▸ DATA FOR THIS EXERCISE
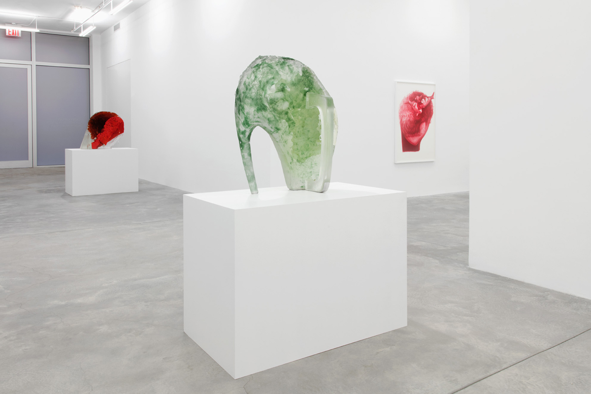new glass sculptures accompanied by Biro on paper drawings.
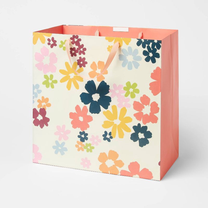 Brighten up any gift-giving experience with the Square Floral Gift Bag Colorful - Spritz™. Perfect for birthdays or all-occasion events, the multicolor floral design adds a cheerful touch. Crafted fro…
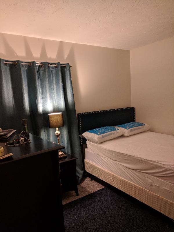 WHAT'S FOR RENT One bedroom in a bedroom, .bath townhouse. Furnished with a full bed, mattress, and box spring. The room also features a dresser, closet, carpet, and a rug. Access to the kitchen, living room, bathrooms, laundry room, and fenced backyard is shared with other tenants.
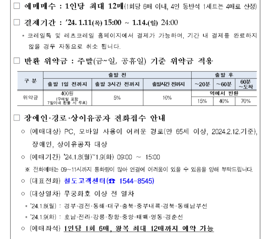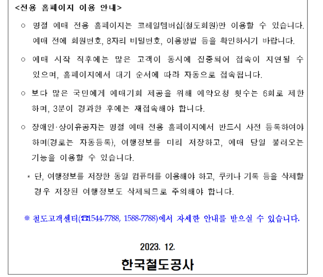 철도 고객센터를 통해서 2024년 설날 기차표 관련 문의를 하실 수 있어요!
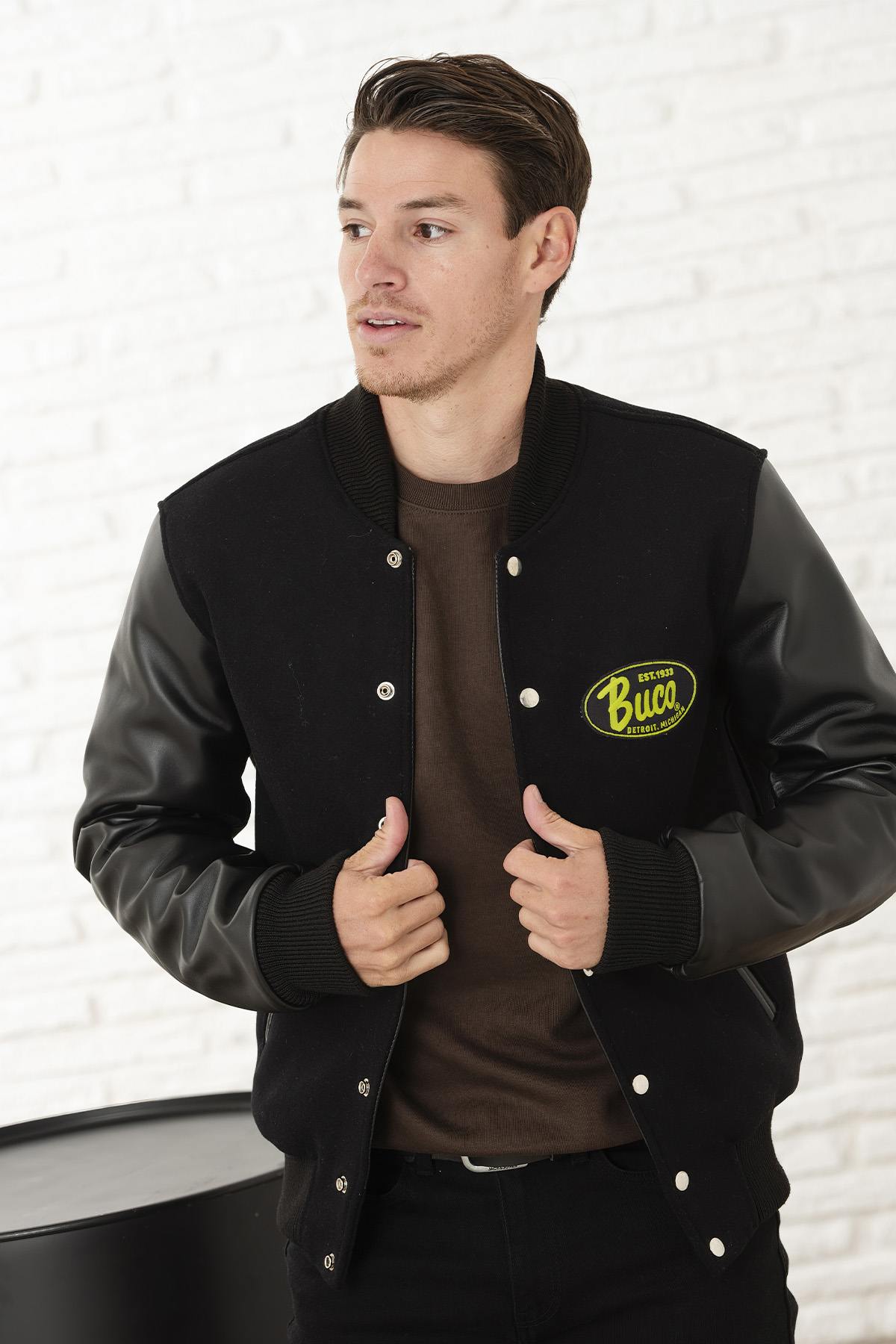 Buco's J500 gele logo is perfect voor een casual en toch verfijnde look. Voor een alledaagse outfit combineer je hem met een jeans en sneakers voor een urban en trendy look. Draag hem in de winter over een wollen trui en voeg een sjaal toe voor extra warmte. In het tussenseizoen past hij perfect bij een T-shirt en sneakers. Deze jas is ideaal voor casual uitjes, weekendjes in de stad of zelfs om een sportief chique tintje toe te voegen aan een meer formele outfit. Het ontwerp van dik leer en wol maakt het een duurzaam en comfortabel kledingstuk, geschikt voor alle gelegenheden.
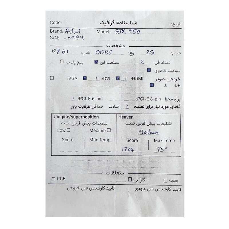 کارت گرافیک ASUS GeForce GTX 950 2G GDDR5 استوک
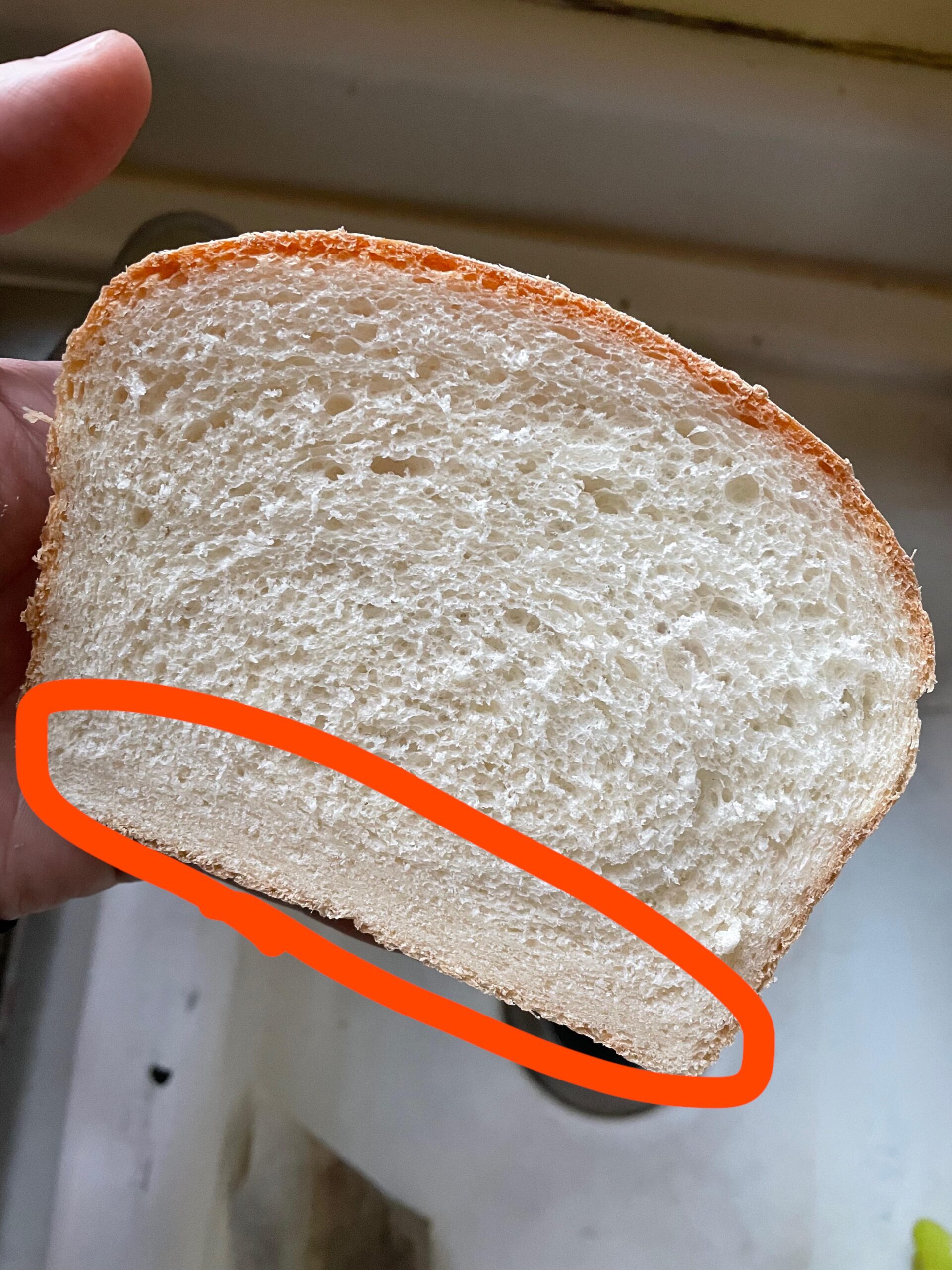 Hi all, I usually make loaves from FWSY and decided to start branching out into other loaf types. I made this sandwich loaf last night which looks great _except_ for the bottom of the loaf. The crumb looks like it didn’t really expand. Is this a sign that the loaf was under proofed?

▸ THE PROBLEM
Leave out the pictures, then repeat the listing above exactly from its first line to the line with "철도 고객센터를 통해서 2024년 설날 기차표 관련 문의를 하실 수 있어요!", inclusive.

▸ EXERCISE RESPONSE
new glass sculptures accompanied by Biro on paper drawings.
 Brighten up any gift-giving experience with the Square Floral Gift Bag Colorful - Spritz™. Perfect for birthdays or all-occasion events, the multicolor floral design adds a cheerful touch. Crafted fro…
 WHAT'S FOR RENT One bedroom in a bedroom, .bath townhouse. Furnished with a full bed, mattress, and box spring. The room also features a dresser, closet, carpet, and a rug. Access to the kitchen, living room, bathrooms, laundry room, and fenced backyard is shared with other tenants.
 철도 고객센터를 통해서 2024년 설날 기차표 관련 문의를 하실 수 있어요!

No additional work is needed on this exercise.